Sources: Craft (Int) - Pathfinder_OGC , Profession (Wis, Trained only) - Pathfinder_OGC , Medieval London Guilds , Alphabetical list

1. Alchemy
2. Architecture* 
3. Armour
4. Baking*
5. Baskets
6. Blacksmithing
7. Books
8. Bows
9. Brewing*
10. Calligraphy
11. Carpentry
12. Clockmaking
13. Cloth
14. Clothing
15. Cooking*
16. Dyes
17. Glass
18. Jewelery
19. Leather
20. Locks
21. Paintings
22. Pottery
23. Sculptures
24. Ships
25. Shoes
26. Sketches
27. Stonemasonry
28. Tanning*
29. Traps
30. Weapons

* Professions which I think make more sense as Crafts.


----------



## SnowleopardVK (Nov 11, 2011)

31. Disturbing Mental Images

(Courtesy of Order of the Stick)


----------



## Celebrim (Nov 11, 2011)

2. Architecture -> Knowledge (Architecture & Engineering)
4. Baking -> Craft (Cooking)
12. Clockmaking -> Craft (Machinist)
16. Dyes -> Craft (Alchemy)  Also manufacture of paints, soaps

If Blacksmithing doesn't become 'Smithing', then:

31. Whitesmith (tin, other soft metals)
32. Brownsmith (copper, bronze, brass)
33. Chandler (candles)

Optional decorative arts other than jewelry
34. Engraving 
35. Embossure
36. Enamel
37. Embrodiery
38. Perfumes (including incenses, etc.)

Complex objects are created by combining several crafts.  Specialists, say a loriner or a plowwright, could be created by a skill feat that applied a large bonus to a narrow skill or by creating a class feature for the Expert skill that allowed you to choose specialties (my preference).


----------



## SkredlitheOgre (Nov 12, 2011)

SnowleopardVK said:


> 31. Disturbing Mental Images
> 
> (Courtesy of Order of the Stick)




I wanted to give you XP for this, but apparently I can't.  Anyway...

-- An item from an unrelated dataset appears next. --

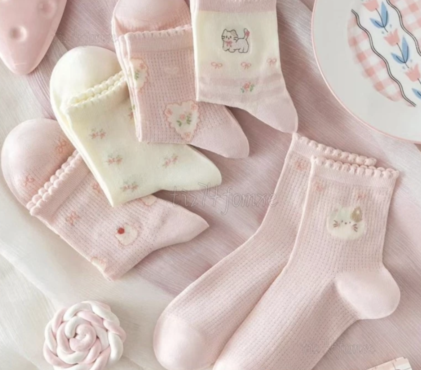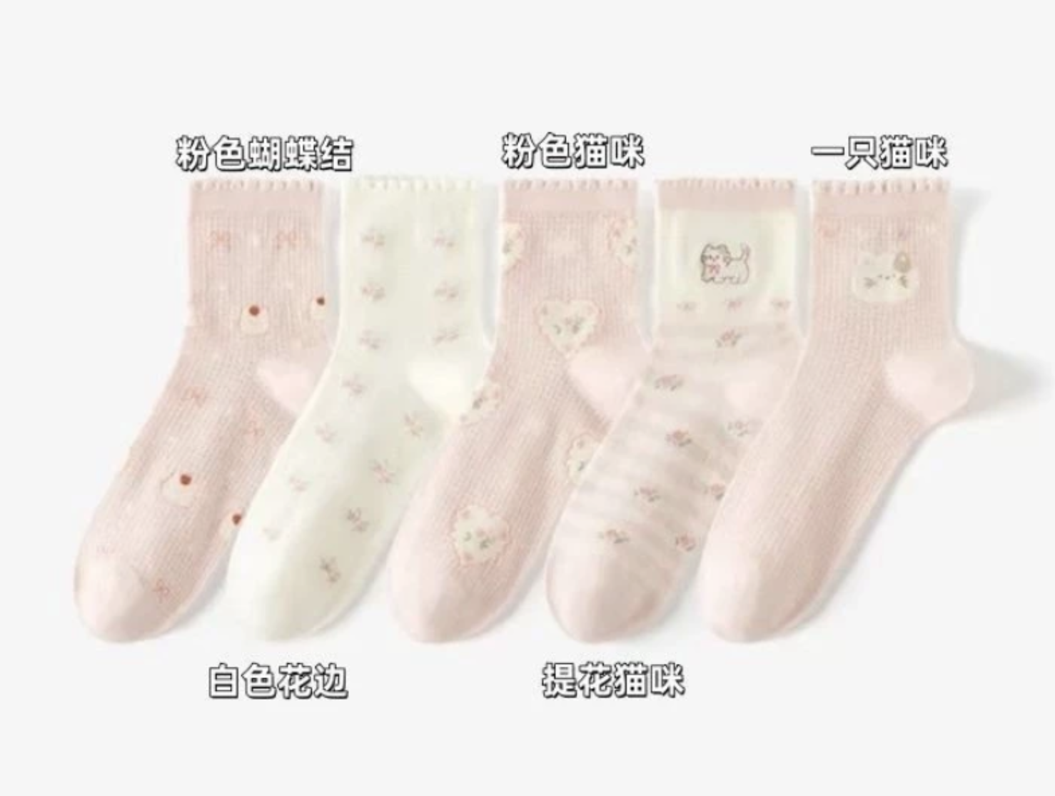 五款各一雙, 粉色蝴蝶結, 白色花邊, 粉色貓咪, 緹花貓咪, 一隻貓咪

39.  Witches.  For Witch Craft.
40.  Codpieces.  For gnomes.  FITTED codpieces.
41.  Saddles and Bridles for Giraffes.  Also for gnomes.


----------



## The Shaman (Nov 12, 2011)

I think you may get some use out of this.

I want my next character to be a bottom knocker.


----------



## DnD_Dad (Nov 12, 2011)

You should check out the experts book by skirmisher games.  Pretty amazing stuff.


----------